It may sound weird but I do not pray that this will be HIS time. I do know where you are coming from though Jawjaw and appreciate your prayers.

I felt like this at one time. My son sent me the AA book and asked me to read it. It is the one he reads, not the one for family or friends of the addict. It made his journey much more clear to me. Relapse is a part of the journey. It would be great if it wasn't, but it is what it is. He has spent 7 long years addicted to drugs and has only seriously started on the journey to sobriety for the past year or so. Before that he just did it to please me, get me off his back, go along with his court order etc.

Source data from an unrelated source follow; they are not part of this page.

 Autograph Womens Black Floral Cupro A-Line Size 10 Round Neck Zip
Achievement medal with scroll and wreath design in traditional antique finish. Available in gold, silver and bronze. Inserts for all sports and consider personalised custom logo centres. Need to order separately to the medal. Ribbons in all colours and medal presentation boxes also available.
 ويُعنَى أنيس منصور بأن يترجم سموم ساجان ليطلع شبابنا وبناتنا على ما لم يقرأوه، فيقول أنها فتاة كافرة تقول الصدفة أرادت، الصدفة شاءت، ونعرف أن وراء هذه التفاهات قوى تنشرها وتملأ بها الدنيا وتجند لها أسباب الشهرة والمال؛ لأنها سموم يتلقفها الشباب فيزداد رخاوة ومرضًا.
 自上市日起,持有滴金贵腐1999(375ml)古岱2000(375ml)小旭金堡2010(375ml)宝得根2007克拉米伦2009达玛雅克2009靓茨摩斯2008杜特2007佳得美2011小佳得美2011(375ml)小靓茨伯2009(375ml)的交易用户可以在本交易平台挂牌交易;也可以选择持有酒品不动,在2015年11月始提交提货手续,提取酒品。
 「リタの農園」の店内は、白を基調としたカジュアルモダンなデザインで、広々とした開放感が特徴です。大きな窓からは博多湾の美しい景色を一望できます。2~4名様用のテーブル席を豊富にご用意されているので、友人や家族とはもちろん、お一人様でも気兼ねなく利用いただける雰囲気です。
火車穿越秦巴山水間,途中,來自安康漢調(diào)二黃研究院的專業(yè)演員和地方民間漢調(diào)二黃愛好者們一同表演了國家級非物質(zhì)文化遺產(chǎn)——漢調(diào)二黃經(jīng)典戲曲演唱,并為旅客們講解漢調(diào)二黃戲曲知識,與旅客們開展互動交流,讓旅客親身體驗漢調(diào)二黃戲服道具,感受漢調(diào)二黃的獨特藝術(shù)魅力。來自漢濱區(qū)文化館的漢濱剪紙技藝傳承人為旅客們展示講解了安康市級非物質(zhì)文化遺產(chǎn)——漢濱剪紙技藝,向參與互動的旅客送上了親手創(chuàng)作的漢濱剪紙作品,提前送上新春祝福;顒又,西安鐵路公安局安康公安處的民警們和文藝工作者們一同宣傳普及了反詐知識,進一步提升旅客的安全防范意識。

It is so important that we (the parents) understand that nothing we can do will make them stop. I made mistakes, I kept telling him to change, I got angry with him, I tried everything but all this did was make him more hard on himself. He felt unaccepted.

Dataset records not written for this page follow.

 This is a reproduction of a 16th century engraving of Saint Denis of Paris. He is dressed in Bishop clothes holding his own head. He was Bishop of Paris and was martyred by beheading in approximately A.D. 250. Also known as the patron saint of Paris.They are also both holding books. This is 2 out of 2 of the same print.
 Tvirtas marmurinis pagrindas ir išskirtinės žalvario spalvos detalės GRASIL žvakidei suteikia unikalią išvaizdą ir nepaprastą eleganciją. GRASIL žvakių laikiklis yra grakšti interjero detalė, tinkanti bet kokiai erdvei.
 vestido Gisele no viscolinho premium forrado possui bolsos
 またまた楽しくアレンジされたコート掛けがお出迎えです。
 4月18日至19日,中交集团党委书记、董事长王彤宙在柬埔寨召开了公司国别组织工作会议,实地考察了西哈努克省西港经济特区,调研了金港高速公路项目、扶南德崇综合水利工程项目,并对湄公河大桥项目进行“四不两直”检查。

If I were to do it over again I would still do the tough love thing, still ask him to leave my house. But, I would be much more supportive emotionally. I would not judge him.
I would not lose my patience with him or get angry. This does more harm than good. While I was trying to help him, I was in fact not helping him.

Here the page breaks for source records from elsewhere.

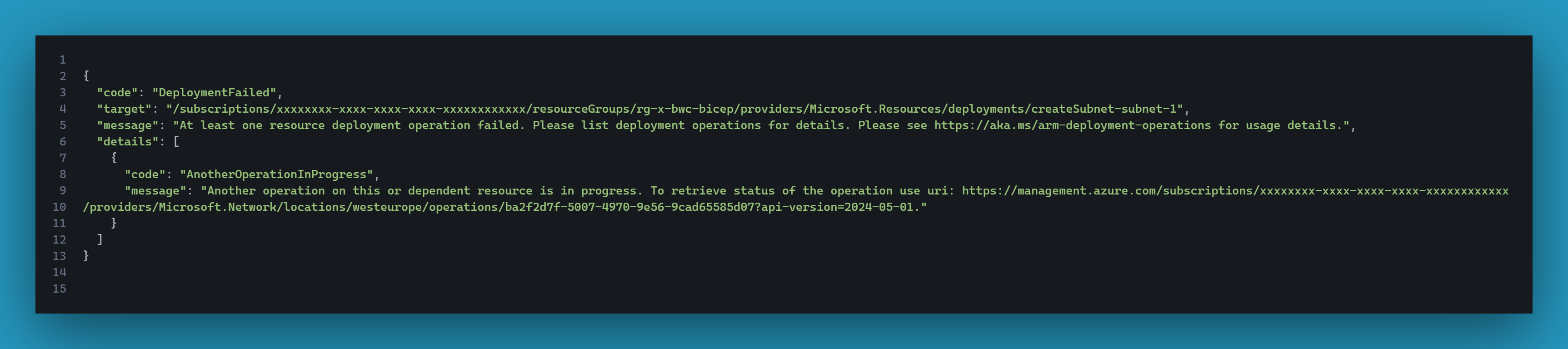 Each subnet creation updates the parent VNet’s metadata — and Azure only allows one update at a time. When ARM tries to deploy them all together, it collides with itself.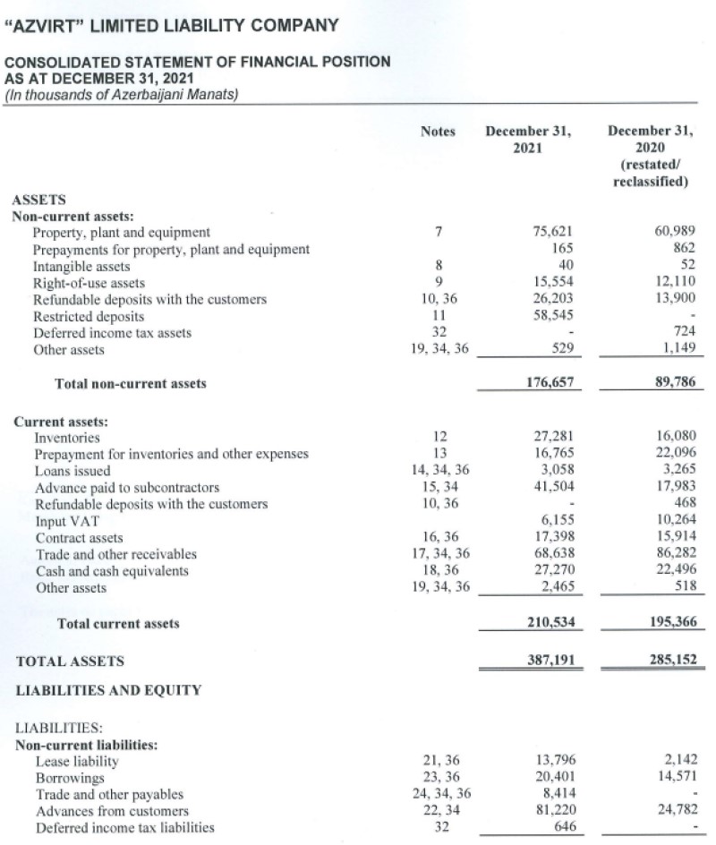 31 dekabr 2021-ci il tarixində "AzVirt" 387 milyon 191 min manat cəmi aktivlərə malik olub. Şirkət 2020-ci ilin sonunda 285 milyon 152 min manat cəmi aktivlərə malik idi.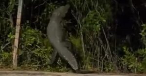 Un video que circula en redes sociales muestra a un enorme cocodrilo intentando regresar a su hábitat natural, la zona de mangle, mientras se encuentra atrapado por una malla de alambre que interfiere en su paso.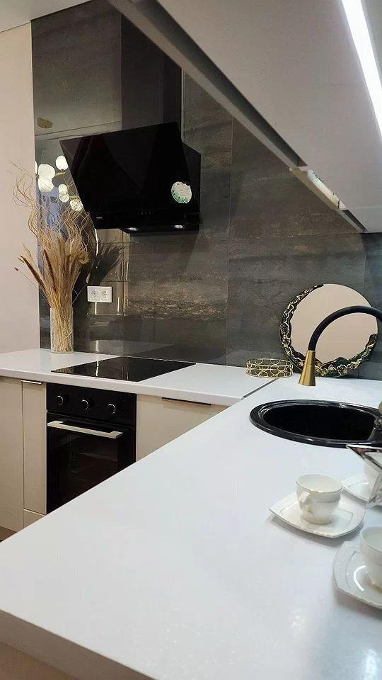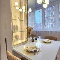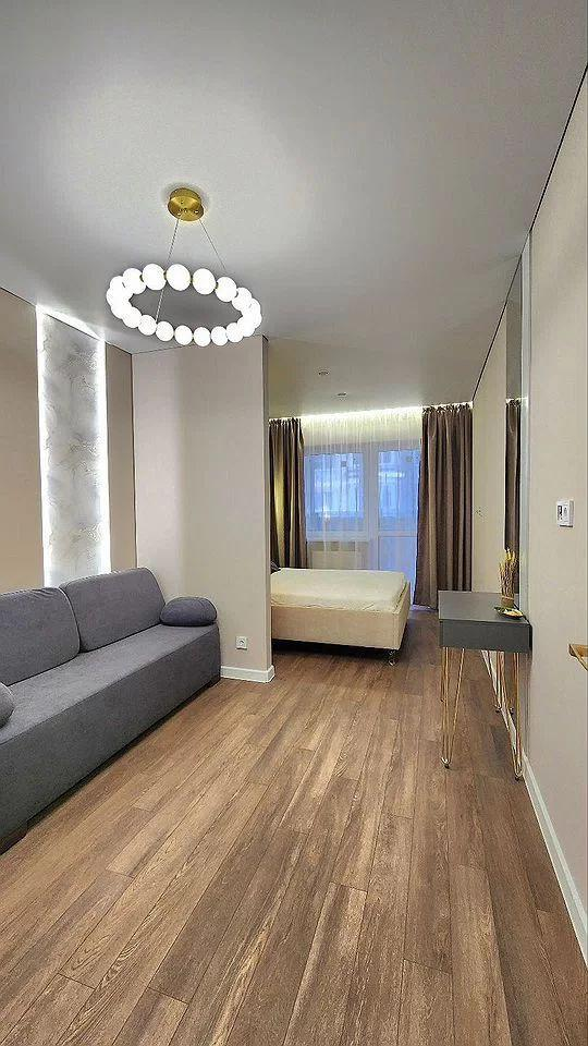 Общая площадь позволяет разместить просторную гостиную с зоной отдыха и обеденной зоной, а также отдельную спальню с уютным уголком для отдыха. Современная кухня оснащена встроенной техникой и выполнена в стильном минималистском стиле, что делает приготовление пищи приятным и удобным.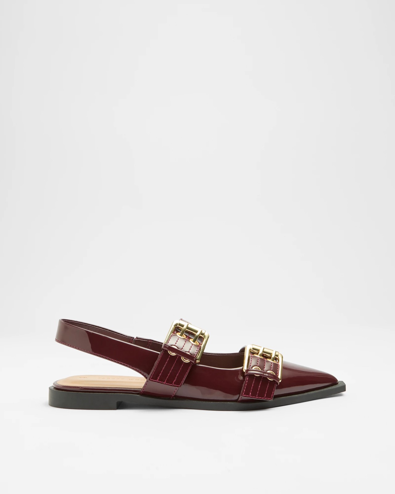 Womens Pointed Toe Double Strap Buckle Sling Flat - Tina
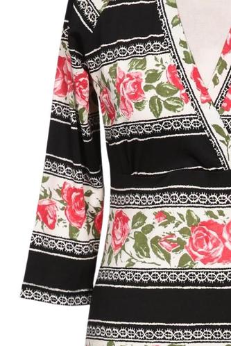 | Details | Jersey, Dreiviertelarm, V-Ausschnitt, Floral, Streifen |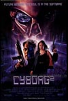 cyborg 2 (1993): one of angelina jolie's first starring role, you can see she's not yet polished and still has some baby fat left in her cheeks. the film itself is pretty crappy and has straight-to-video written all over it. nevertheless, jack palance has a supporting role as a mysterious "man inside the box" mercy (think max headroom) who helps cyborg cash (jolie) and sparring partner colt (elias koteas) escape from the corporate compound where they intend to transform cash into a sex bomb (literally). the finale is jaw-droppingly surreal: mercy turns out to be a cyborg himself (look! he wears a leg brace! CYBORG) and has a no-holds-barred shootout with a gang of bad guys all the while dressed in a cosby sweater, i kid you not.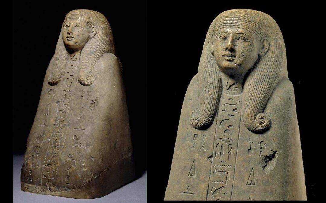 Because these busts typically depicted real individuals, it was uncommon for them to bear hieroglyphic inscriptions—making Muteminet’s bust a rare exception.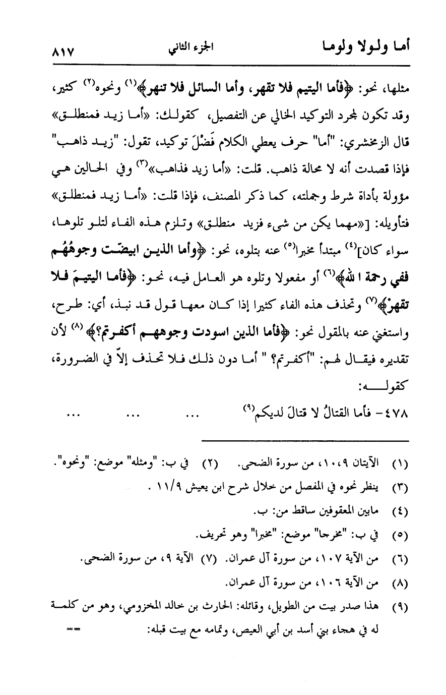 نحو: {فَأَمَّا الْيَتِيمَ فَلا تَقْهَرْ (9) وَأَمَّا السَّائِلَ فَلا تَنْهَرْ} [الضحى:9 - 10] ونحوه كثير، وقد تكون لمجرد التوكيد الخالي عن التفصيل، كقولك: "أما زيد فمنطلق" قال الزمخشيري: "أما" حرف يعطي الكلام فَضْلَ توكيد، تقول: "زيد ذاهب" فإذا قصدت أنه لا محالة ذاهب. قلت: "أما زيد فذاهب" وفي الحالين هي مؤؤلة بأداة شرط وجملته، كما ذكر المصنف، فإذا قلت: "أما زيد فمنطلق" فتأويله: ["مهما يكن من شيء فزيد منطلق" وتلزم هذه الفاء لتلو تلوها، سواء كان] مبتدأ مخبرا عنه بتلوه، نحو: {وَأَمَّا الَّذِينَ ابْيَضَّتْ وُجُوهُهُمْ فَفِي رَحْمَةِ اللَّهِ} [آل عمران:107] أو مفعولا وتلوه هو العامل فيه، نحو: {فَأَمَّا الْيَتِيمَ فَلا تَقْهَرْ} [الضحى:9] وتحذف هذه الفاء كثيرا إذا كان معها قول قد نبذ، أي: طرح، واستغني عنه بالمقول نحو: {فَأَمَّا الَّذِينَ اسْوَدَّتْ وُجُوهُهُمْ أَكَفَرْتُمْ} [آل عمران:106] لأن تقديره فيقال لهم: "كفرتم؟ " أما دون ذلك فلا تحذف إلا في الضرورة، كقوله:

Now, I just accept, be non judgemental, encourage him and believe in him. Tell him that he is smart and that he will figure it out.

His counsellor told me that my son is a follower. Due to the drugs he has no idea of who he is. He has no sense of self. He encourages him to rely on himself, make his own choices. This is the only way he will start to believe in himself and stop listening to everyone else, including me.

I am now enpowering him rather than constantly giving him advice and asking him to change. This is working out much better.

Oh how I wish I had known all of this years ago. I do hope my experience helps your friend Dotsie, and anyone else who is reading this.